When you consider that an employer spends on average six seconds looking at each candidate’s resume, it becomes clear that you need the right style to get yourself noticed. By far the most common format for a resume is the chronological one, and it’s usually the style preferred most by employers also.
The chronological resume gets its name from the professional experience section whereby the candidate lists all of their previous roles in order from the most recent to the least recent. These are usually accompanied by specific dates in a month and year format with a detailed description of each role underneath.
These resumes are intended to give a snapshot of your work experience and show that you’ve held steady employment over the years, and perhaps even indicate how long you worked in what position before you were promoted or given more responsibility.
Although they might sound simple, there’s still a lot to learn about perfecting the chronological resume so it can get your foot in the door and land you an interview with your potential new employer.
Who Should Use A Chronological Resume
Whether you’re new to a field altogether or have years of experience working, a chronological resume is usually the best approach. For most job seekers and employers this is the preferred style of resume, and so it suits most people, however, there are some who should avoid this type altogether.
Anyone who has had large gaps of unemployment in their history might be best to avoid this and instead use a functional resume.
Parents who have been raising children, carers who looked after sick family members, and those who spent years traveling and left their 9 to 5 job will find it best not to list positions in a chronological order and rather explain these absences in the job interview stage.
However, for any other job seeker who has a relatively straightforward career history that can be shown in corresponding dates, the chronological resume is your best option. This means the six seconds that a recruiter spends looking at your history will focus on the most important recent roles you have and see if they’re relevant to the job posting or not.
Benefits Of A Chronological Resume
So, what is it that makes the chronological resume the top pick of both recruiters and job seekers? There are a few benefits to using this format for your resume that just can’t be offered by the other styles.
It Sells Your Upward Mobility
The best benefit to using a chronological resume and having your roles ordered in date format is that it shows your motivation and willingness to develop your skills. If each job shows an improvement in title or new responsibilities, it’s evident to the hiring manager that this is a career path you are genuinely interested in.
Shows A Clear Picture
A chronological resume gives a great overview of you and your career when you’re not able to tell it yourself. This is a succinct and easy to read document that shows the employer exactly where you were and at what point in life.
It’s Widely Accepted
Most hiring managers will prefer the chronological resume as it shows you have nothing to hide, and you have a far greater chance of being even considered for the role if you have your resume in this format.
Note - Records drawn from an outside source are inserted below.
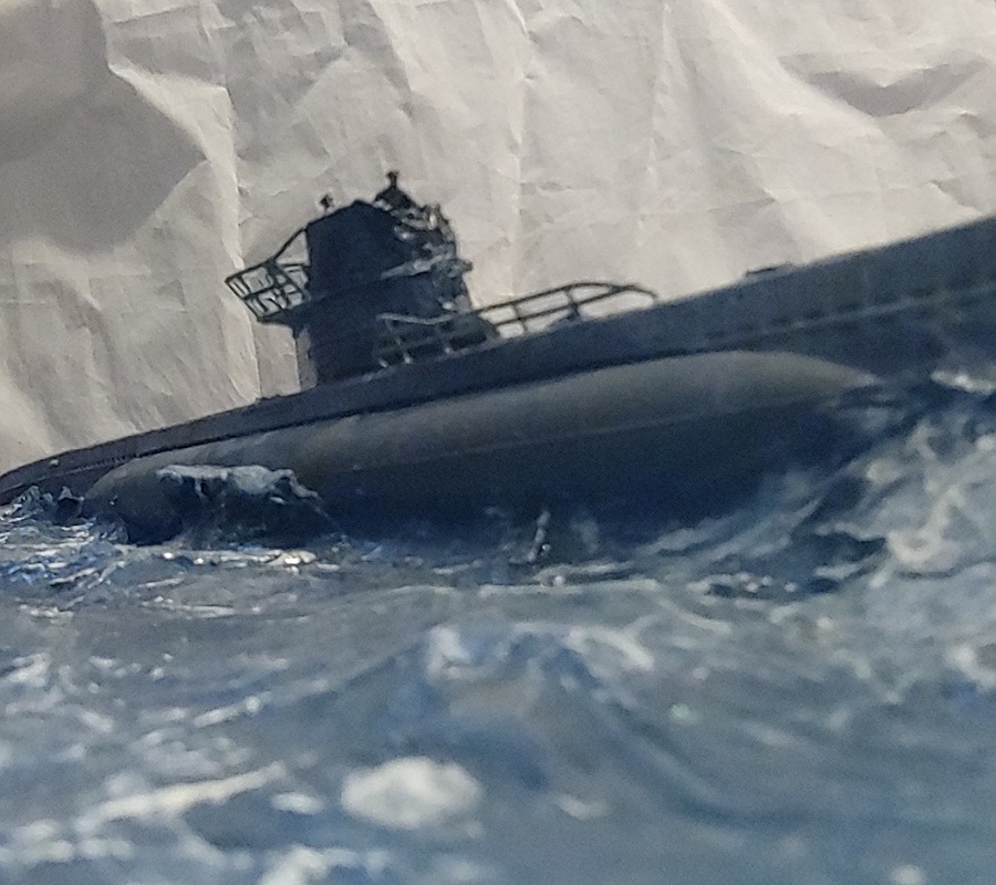 Also das hier wird ein Geschenk für meinen Vater zu Weihnachten der ein großer "das Boot" fan ist, es handelt sich hierbei um ein Diorama dass die Szene als der Motor des U-Bootes anspringt und das boot sich durch die Wellen schlägt, darstellen soll. Mir gefällt die Welle auf Steuerbord weiter vorne nicht ganz so sehr ,ansonsten bin ich recht zufrieden mit dem Ergebnis abgesehen davon dass die Wellen nicht ganz exakt so wie im Film aussehen... wie findet ihrs? Übrigens tut es mir leid dass der Jürgen Prochnow und sein 1Wo auf der Brücke so unscharf sind ich habe sie nicht schärfer hinbekommen.... (ach ja und vielleicht fällt jemandem auf das ein paar kleinere Teile am U-Boot noch fehlen, keine Angst die werden noch befestigt aber es geht hier ja erstmal ums Diorama)
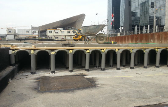 Voor de stalling is gebruikgemaakt van de wanden-dakconstructie om overlast op straatniveau zo veel mogelijk te beperken. Aan de noordkant is voor de bouwkuip gebruikgemaakt van de damwanden van het metrostation, en aan de zuidkant van de damwanden van de nieuwe Weenatunnel.
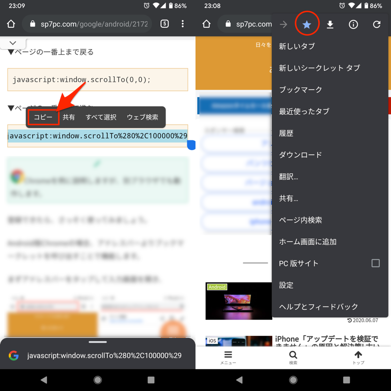 (左)复制小书签(右)您可以通过点击 Chrome 菜单中的 ☆ 图标将其注册为书签
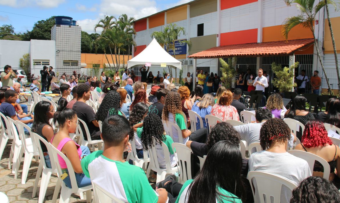 O prefeito Dr. Coutinho; a secretária de Ações Estratégicas, Jeesala Coutinho; de Educação, Jenilza Spinassé; de Saúde, Rosiane Scarpatt, de Desenvolvimento Social e Trabalho (Semds), Iohana Kroehling, e de Comunicação, Moisés Mercier, participaram do momento, além de professores, coordenadores escolares, pedagogos, estudantes, pais, representantes do Ministério Público (MPES), empresas e instituições.
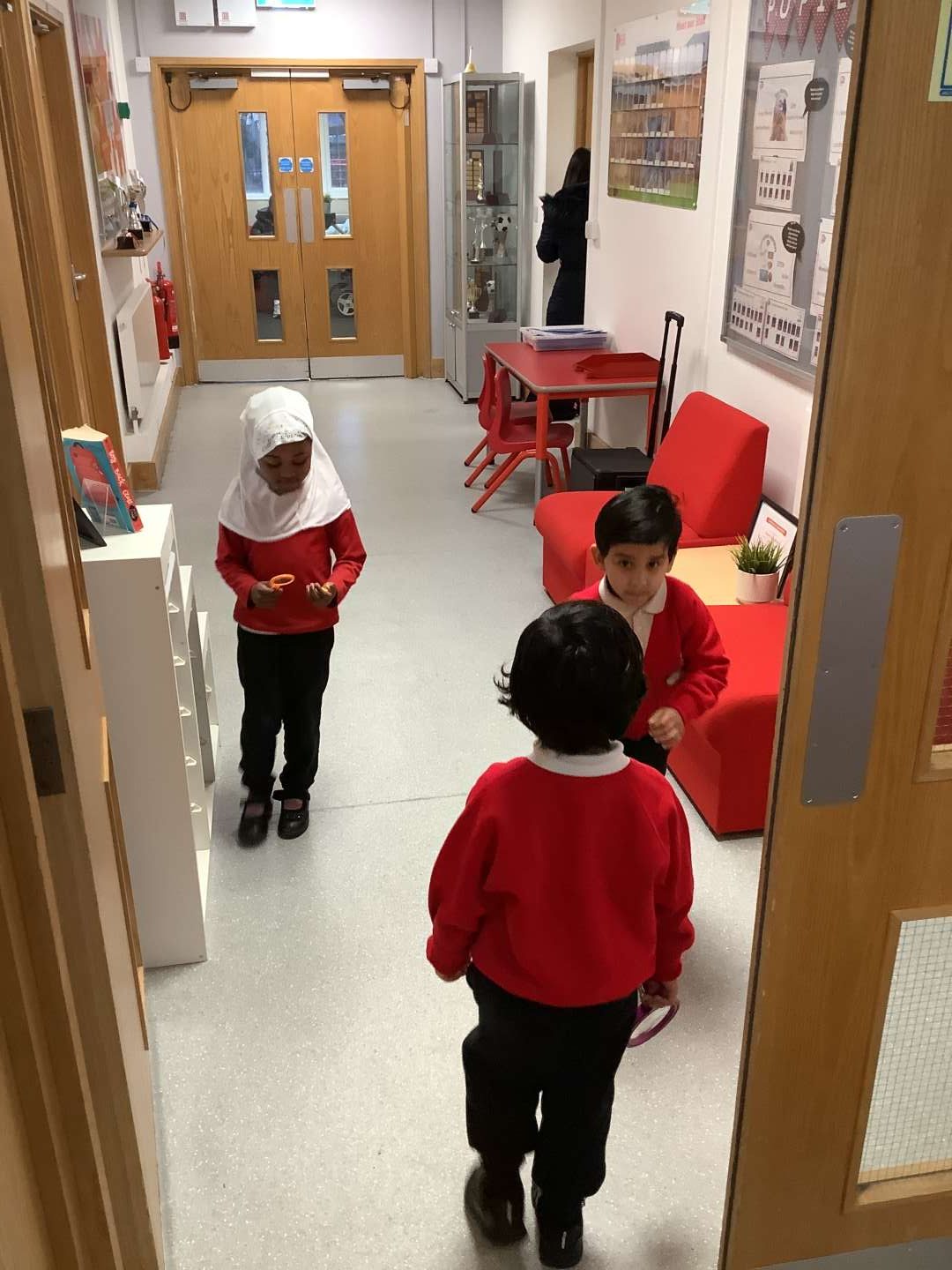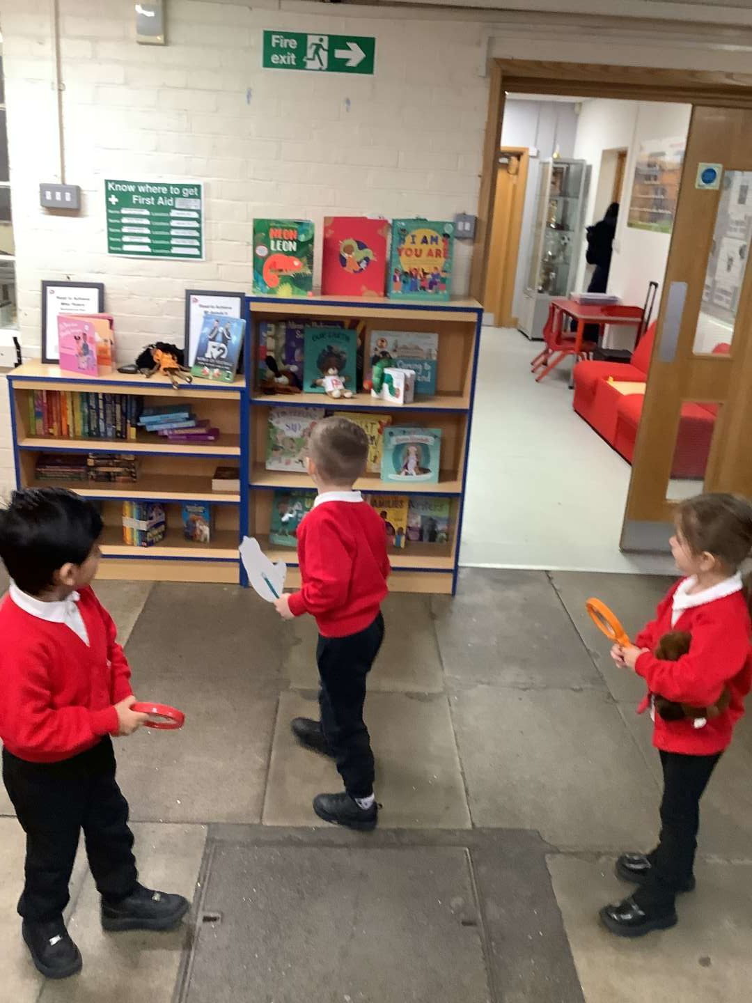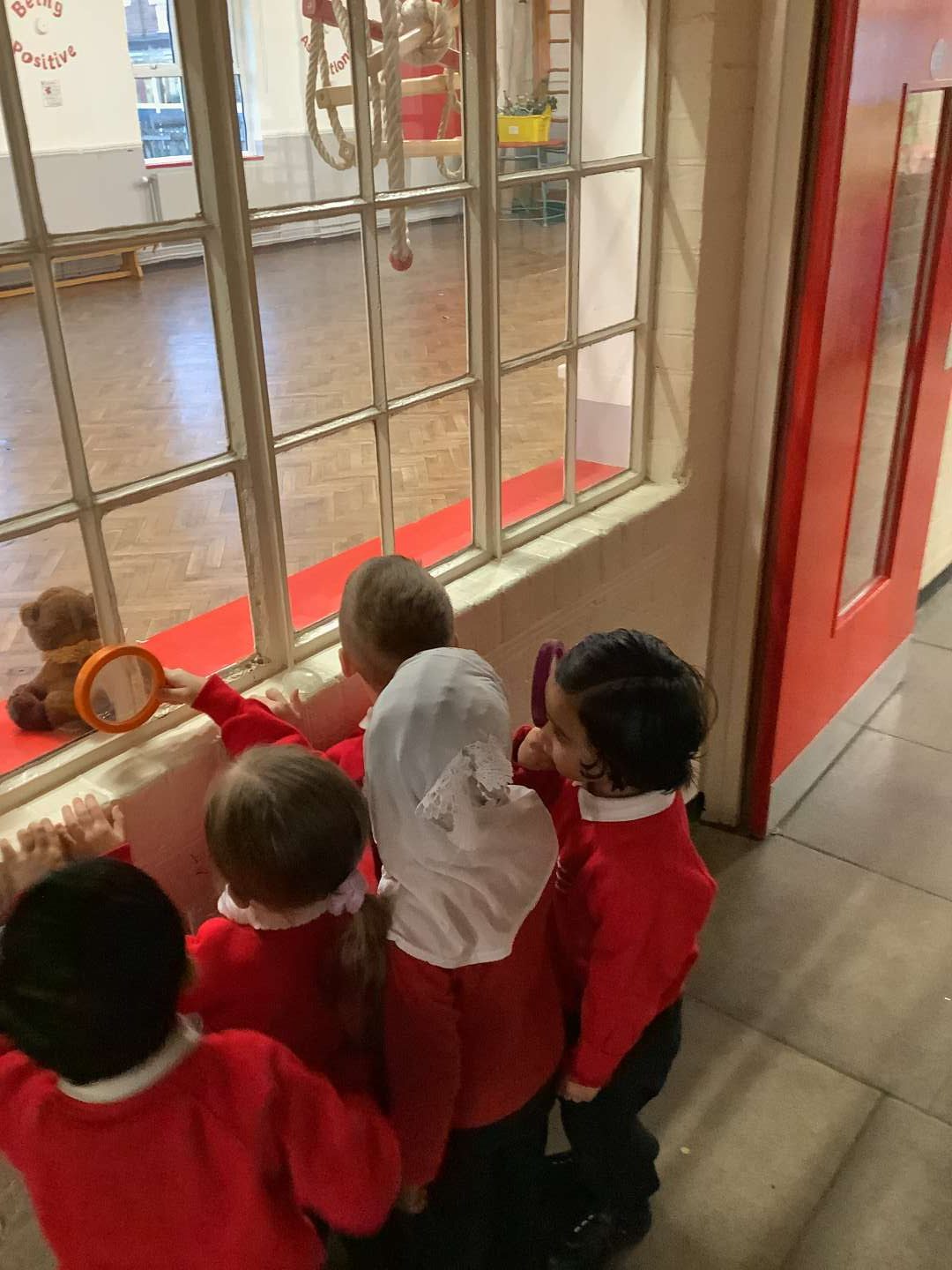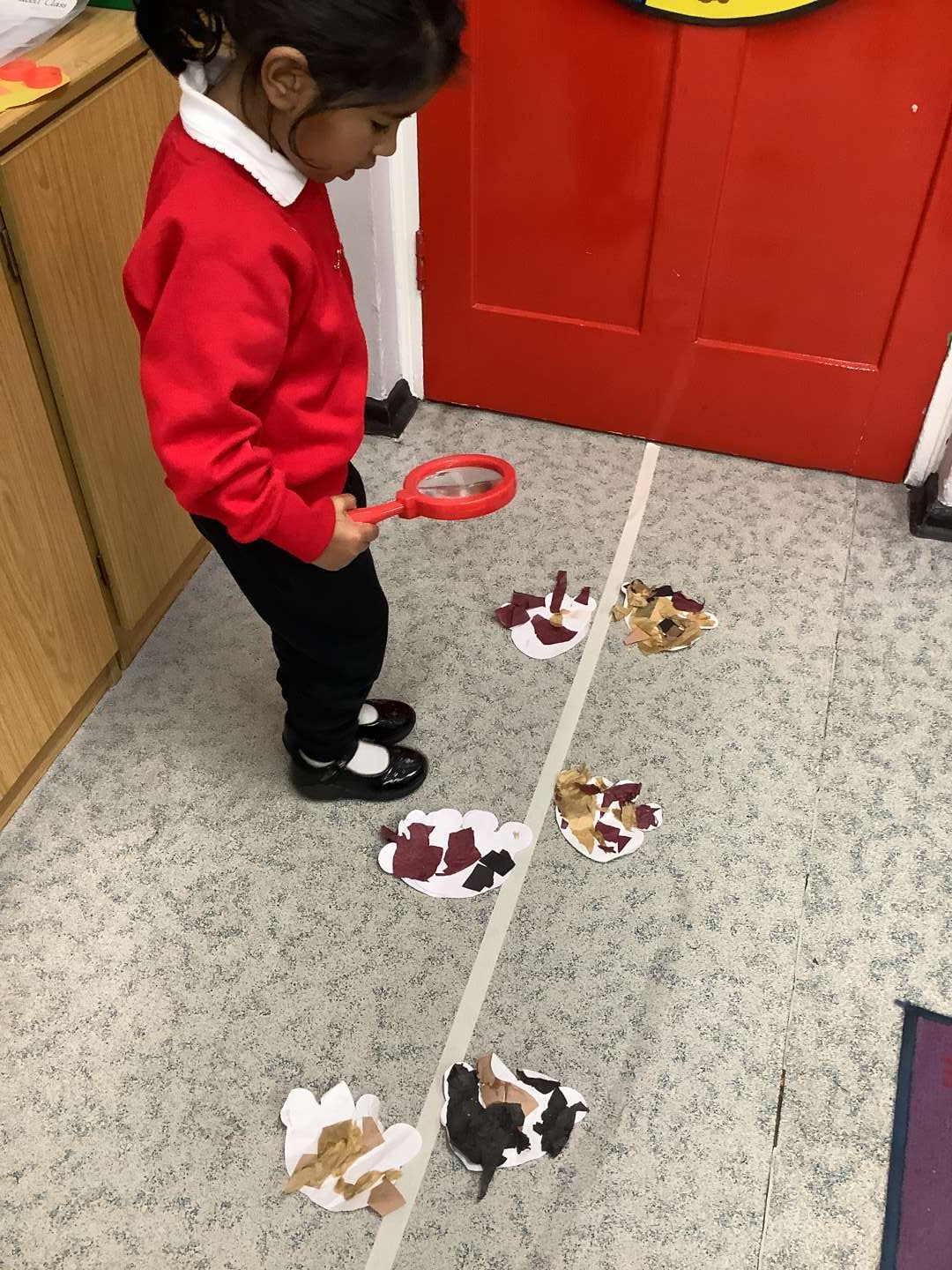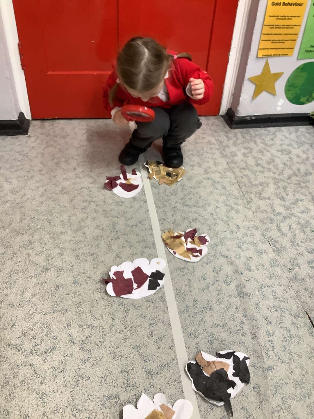 We have introduced our new Talk for Writing text this week, which is ‘We’re Going on a Bear Hunt’ by Michael Rosen. To start with, our entry point, was going on a bear hunt around the school. We used magnifying glasses to help us search for any bears. When we returned to the classroom, we found a path with bear prints on. I wonder who made those…
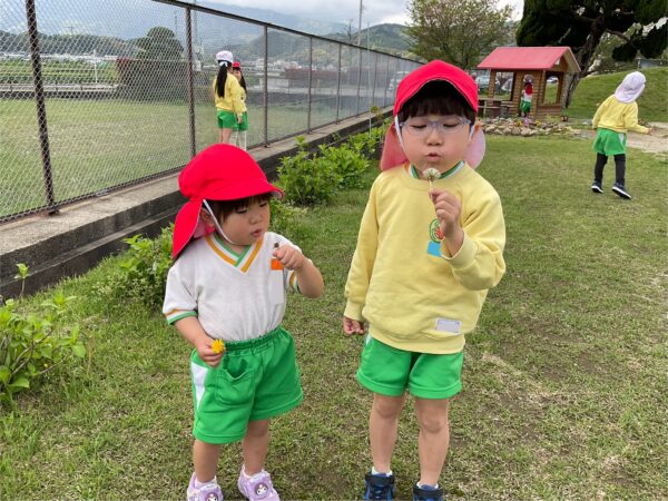 4月16日はやーっと天気になったので、年長組さんと一緒に園庭探検に行きました😊

It Helps You Tell Your Story
When you get the stage of an interview, having a chronological resume can be a great guide for explaining your career thus far and where you intend on going next with it. This shows exactly where you started out and in what roles you were able to get the relevant skills and experience.
Tips For Writing A Chronological Resume
If you’ve decided that the chronological resume is the best way to show off your assets as an employee, there are a few things you have to do in order to perfect it. Here are some essential things to remember when writing a chronological resume:
Start From The Most Recent
You might think this is a no-brainer but it’s a simple mistake that has gotten many resumes sent to the rejection pile. Always begin with your most recent position and be sure to state if you are still working there by using “present” as the end date of employment.
Use Months And Years
When writing in the dates of employment, using just the year alone is too vague. Recruiters like to see the exact months of your tenure so they can tell how long it was and when it was you switched to your next role.
Separate Promotions Or Job Changes
If you’ve worked for the same company for years but held different titles during that time, be sure to mark these down as new roles and separate them by month and year format as well.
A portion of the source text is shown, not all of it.